**INFORMATION SUPPLIED:**
=-=-=

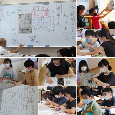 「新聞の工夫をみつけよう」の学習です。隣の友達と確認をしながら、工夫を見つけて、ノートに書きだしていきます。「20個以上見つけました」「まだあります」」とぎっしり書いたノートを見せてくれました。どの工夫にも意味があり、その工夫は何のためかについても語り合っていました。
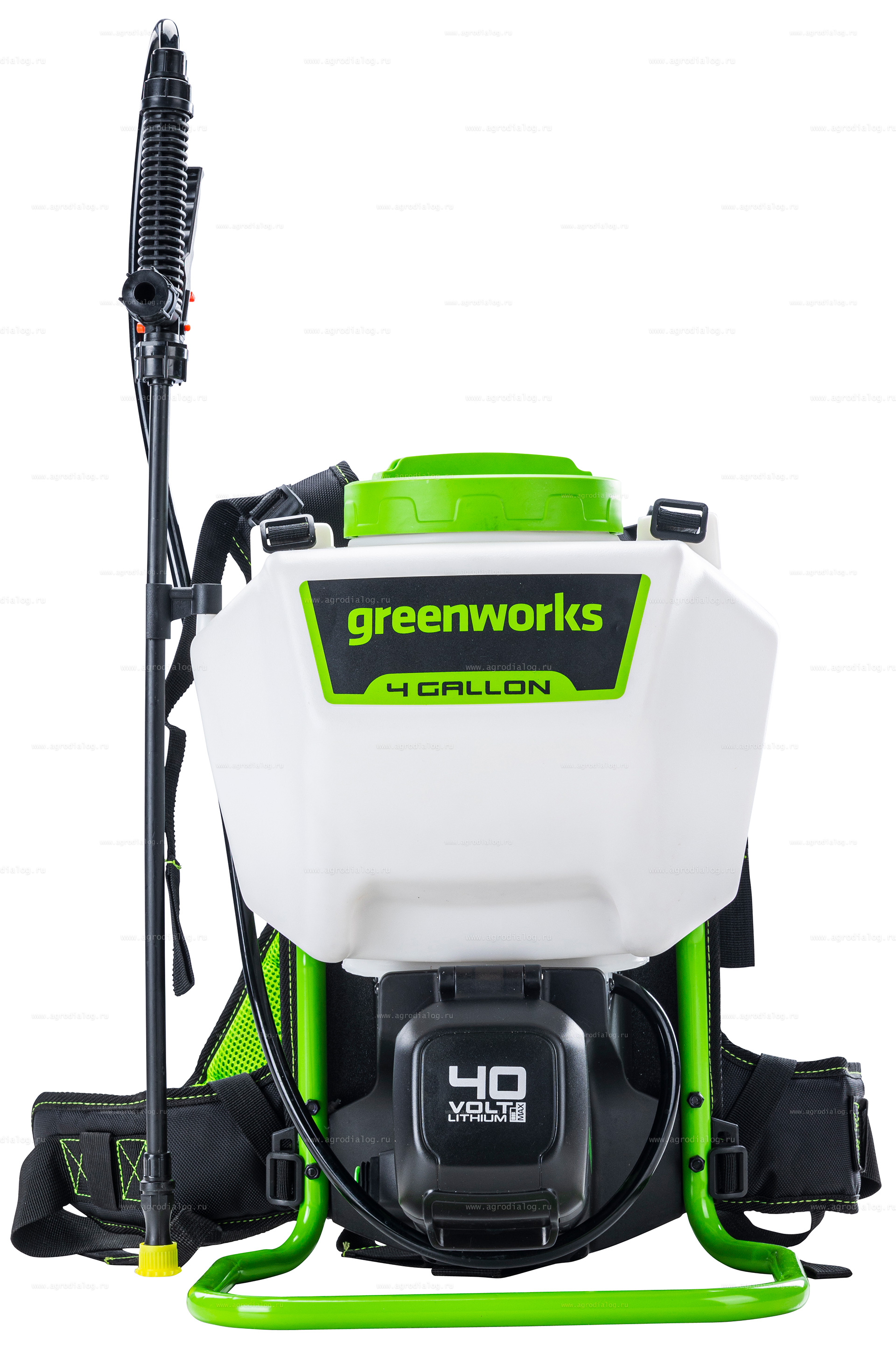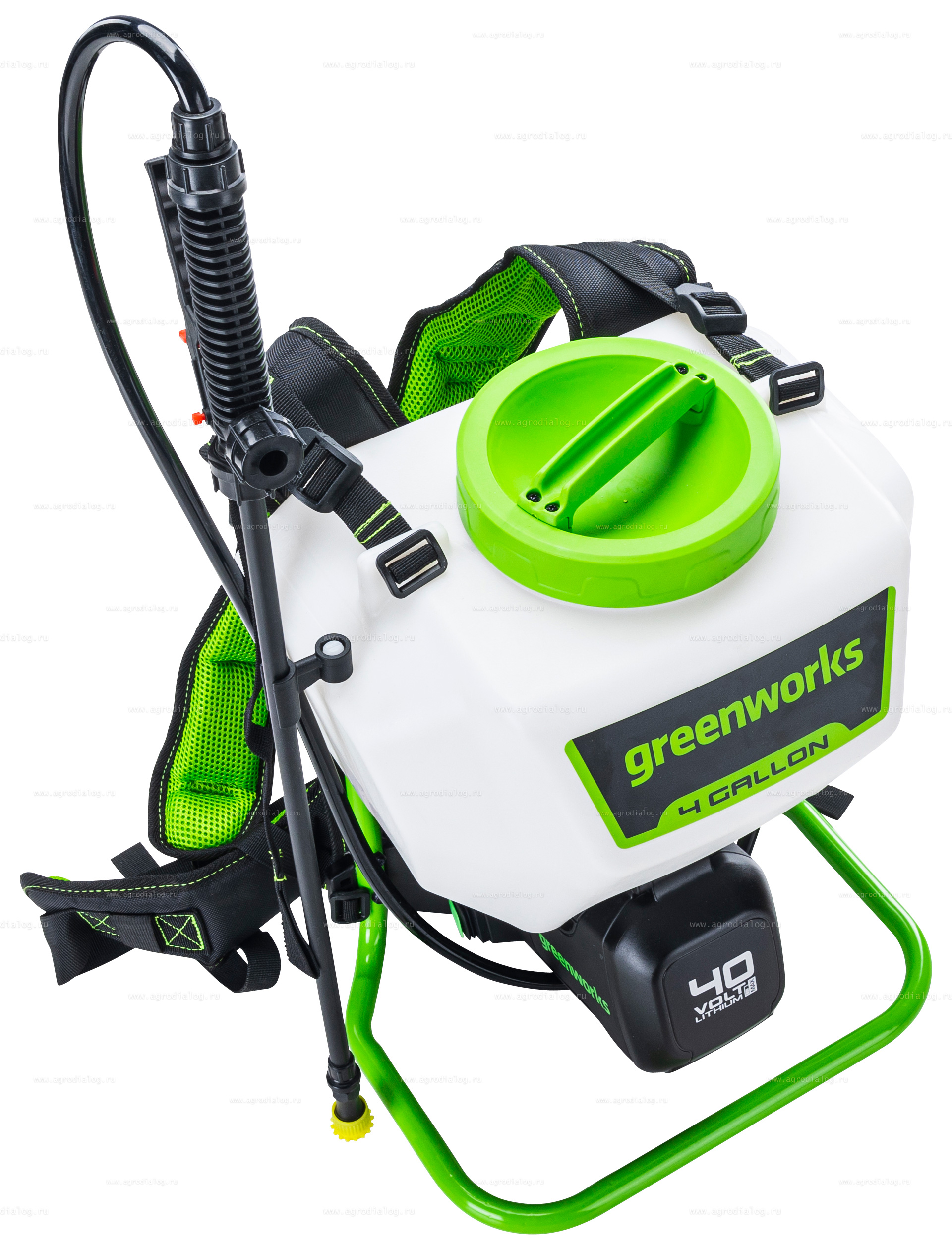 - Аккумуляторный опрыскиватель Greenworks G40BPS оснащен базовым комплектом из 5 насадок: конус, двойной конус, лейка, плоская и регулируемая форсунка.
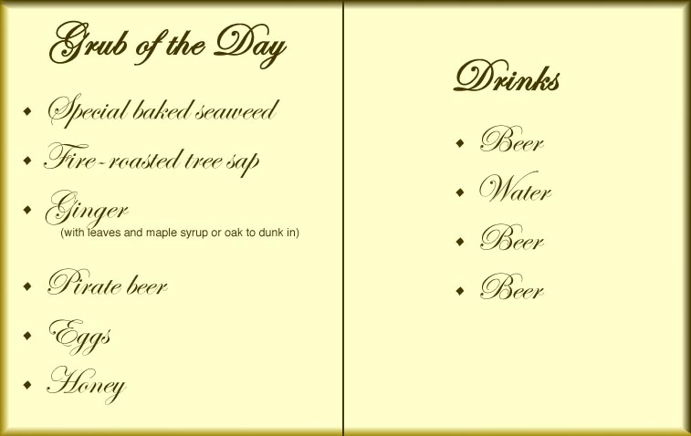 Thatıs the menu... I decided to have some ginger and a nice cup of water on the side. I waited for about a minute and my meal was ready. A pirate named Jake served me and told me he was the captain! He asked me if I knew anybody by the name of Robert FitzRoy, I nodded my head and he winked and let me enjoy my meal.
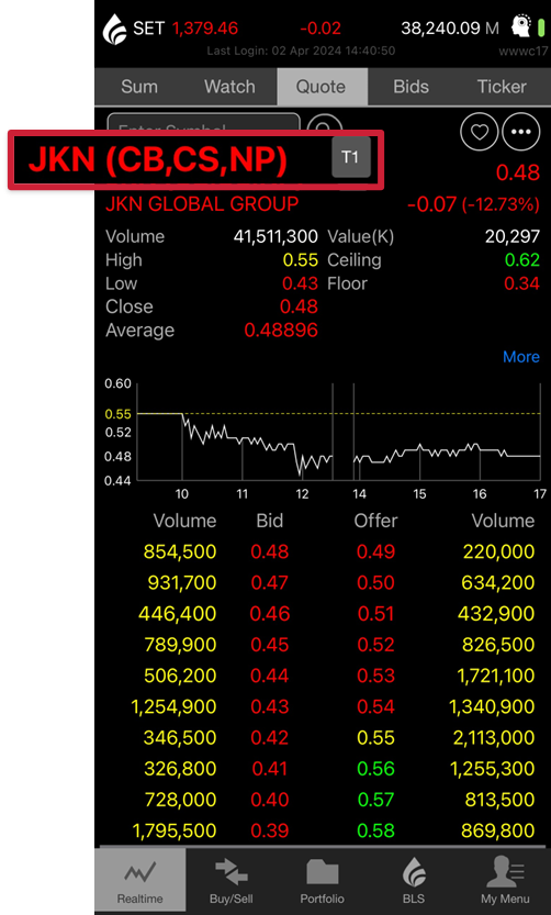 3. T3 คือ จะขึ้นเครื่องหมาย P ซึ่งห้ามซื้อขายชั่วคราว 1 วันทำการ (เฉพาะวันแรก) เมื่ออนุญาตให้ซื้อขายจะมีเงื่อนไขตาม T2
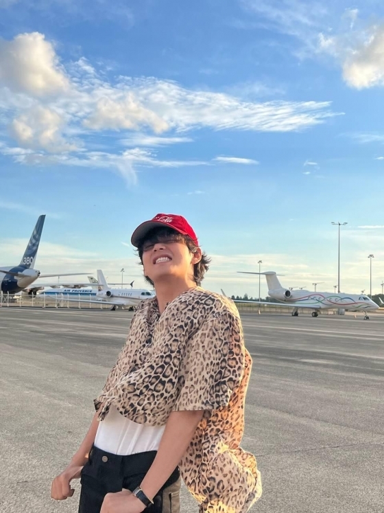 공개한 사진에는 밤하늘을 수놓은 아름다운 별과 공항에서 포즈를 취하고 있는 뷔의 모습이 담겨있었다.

=-=-=

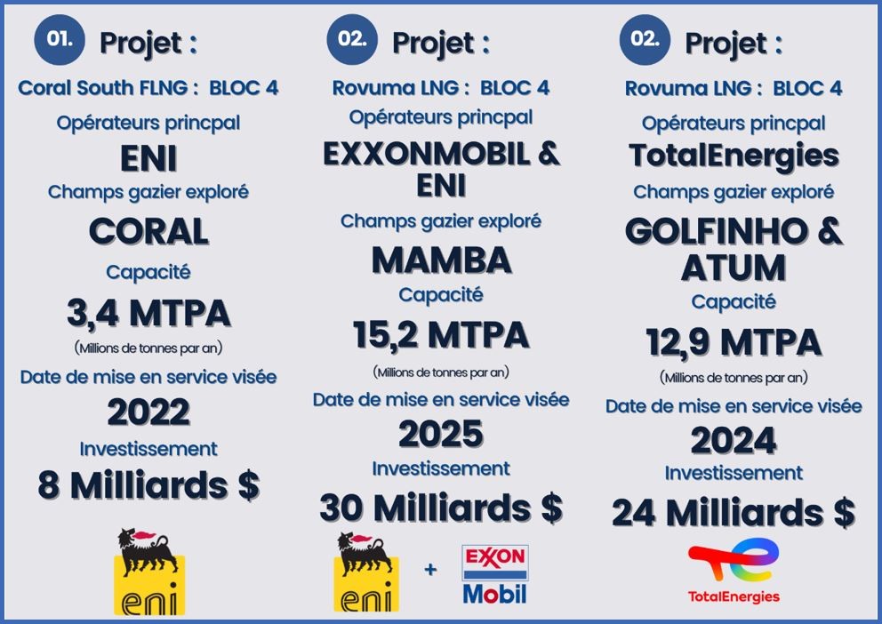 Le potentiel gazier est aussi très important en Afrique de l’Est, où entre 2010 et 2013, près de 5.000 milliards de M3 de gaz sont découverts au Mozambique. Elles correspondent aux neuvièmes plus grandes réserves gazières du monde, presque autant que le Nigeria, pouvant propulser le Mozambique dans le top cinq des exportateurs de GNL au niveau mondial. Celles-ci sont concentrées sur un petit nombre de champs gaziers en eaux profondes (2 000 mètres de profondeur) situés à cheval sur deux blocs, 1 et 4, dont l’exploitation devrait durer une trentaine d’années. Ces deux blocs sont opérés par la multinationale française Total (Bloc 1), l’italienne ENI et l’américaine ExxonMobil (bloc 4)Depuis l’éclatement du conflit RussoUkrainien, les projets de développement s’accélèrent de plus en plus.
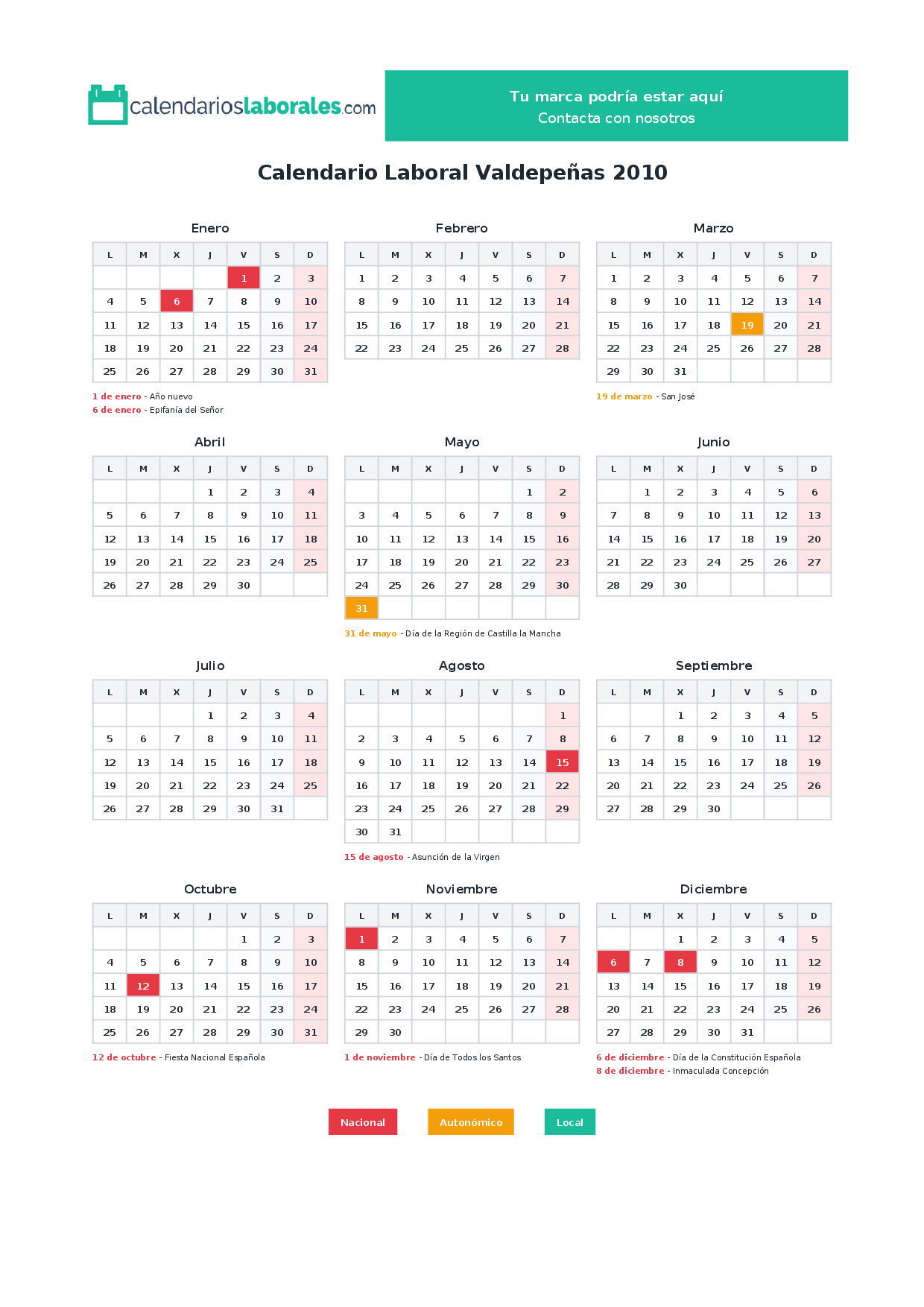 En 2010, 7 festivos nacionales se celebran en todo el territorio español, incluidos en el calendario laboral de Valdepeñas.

=-=-=

Within these entries, output exactly the lines starting at the one with "- Аккумуляторный опрыскиватель" and finishing at the one with "공개한 사진에는 밤하늘을". Leave pictures out of the output.

 - Аккумуляторный опрыскиватель Greenworks G40BPS оснащен базовым комплектом из 5 насадок: конус, двойной конус, лейка, плоская и регулируемая форсунка.
 Thatıs the menu... I decided to have some ginger and a nice cup of water on the side. I waited for about a minute and my meal was ready. A pirate named Jake served me and told me he was the captain! He asked me if I knew anybody by the name of Robert FitzRoy, I nodded my head and he winked and let me enjoy my meal.
 3. T3 คือ จะขึ้นเครื่องหมาย P ซึ่งห้ามซื้อขายชั่วคราว 1 วันทำการ (เฉพาะวันแรก) เมื่ออนุญาตให้ซื้อขายจะมีเงื่อนไขตาม T2
 공개한 사진에는 밤하늘을 수놓은 아름다운 별과 공항에서 포즈를 취하고 있는 뷔의 모습이 담겨있었다.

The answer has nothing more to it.